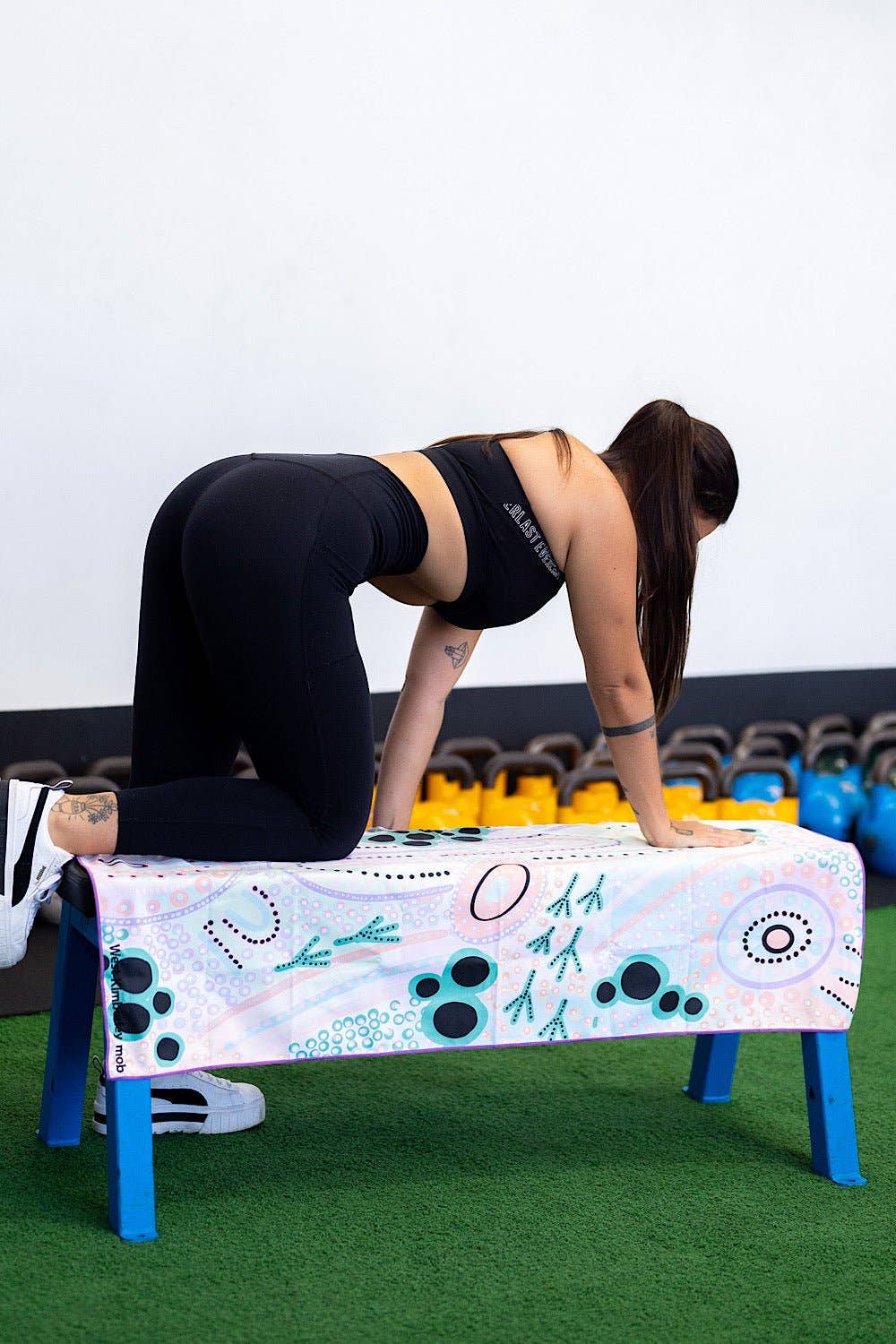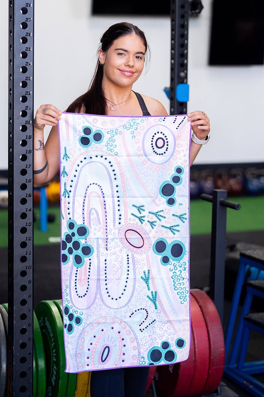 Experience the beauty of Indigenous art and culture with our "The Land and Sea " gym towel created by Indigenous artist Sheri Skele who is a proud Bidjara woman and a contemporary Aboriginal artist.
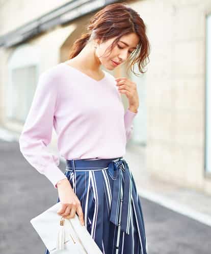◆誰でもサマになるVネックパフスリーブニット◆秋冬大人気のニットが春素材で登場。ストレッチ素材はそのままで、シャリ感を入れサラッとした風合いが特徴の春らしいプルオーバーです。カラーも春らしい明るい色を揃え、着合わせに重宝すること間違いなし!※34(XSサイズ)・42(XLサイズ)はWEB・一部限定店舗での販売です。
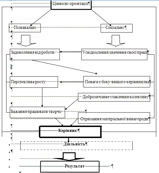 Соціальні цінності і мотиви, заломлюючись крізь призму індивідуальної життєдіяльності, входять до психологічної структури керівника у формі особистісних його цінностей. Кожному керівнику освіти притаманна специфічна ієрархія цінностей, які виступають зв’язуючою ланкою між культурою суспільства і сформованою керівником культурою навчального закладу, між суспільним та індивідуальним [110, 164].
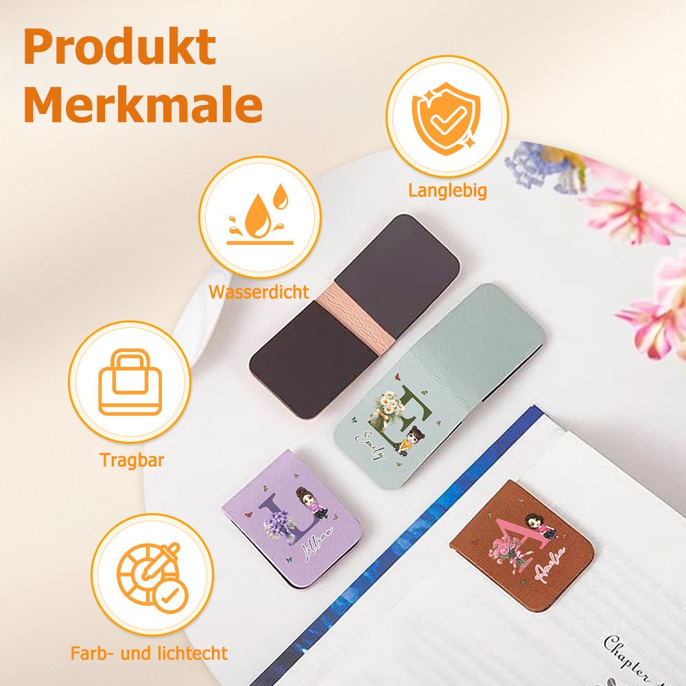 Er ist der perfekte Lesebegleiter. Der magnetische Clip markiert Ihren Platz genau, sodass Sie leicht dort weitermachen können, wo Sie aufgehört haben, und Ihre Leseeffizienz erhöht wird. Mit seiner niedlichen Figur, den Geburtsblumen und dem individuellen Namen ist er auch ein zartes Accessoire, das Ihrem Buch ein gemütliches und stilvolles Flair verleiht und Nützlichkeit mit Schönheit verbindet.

WHAT YOU WILL DO >> The result should be a word-for-word restatement of all the data, without images.

RESPONSE TO THIS EXERCISE >>
 Experience the beauty of Indigenous art and culture with our "The Land and Sea " gym towel created by Indigenous artist Sheri Skele who is a proud Bidjara woman and a contemporary Aboriginal artist.
◆誰でもサマになるVネックパフスリーブニット◆秋冬大人気のニットが春素材で登場。ストレッチ素材はそのままで、シャリ感を入れサラッとした風合いが特徴の春らしいプルオーバーです。カラーも春らしい明るい色を揃え、着合わせに重宝すること間違いなし!※34(XSサイズ)・42(XLサイズ)はWEB・一部限定店舗での販売です。
 Соціальні цінності і мотиви, заломлюючись крізь призму індивідуальної життєдіяльності, входять до психологічної структури керівника у формі особистісних його цінностей. Кожному керівнику освіти притаманна специфічна ієрархія цінностей, які виступають зв’язуючою ланкою між культурою суспільства і сформованою керівником культурою навчального закладу, між суспільним та індивідуальним [110, 164].
 Er ist der perfekte Lesebegleiter. Der magnetische Clip markiert Ihren Platz genau, sodass Sie leicht dort weitermachen können, wo Sie aufgehört haben, und Ihre Leseeffizienz erhöht wird. Mit seiner niedlichen Figur, den Geburtsblumen und dem individuellen Namen ist er auch ein zartes Accessoire, das Ihrem Buch ein gemütliches und stilvolles Flair verleiht und Nützlichkeit mit Schönheit verbindet.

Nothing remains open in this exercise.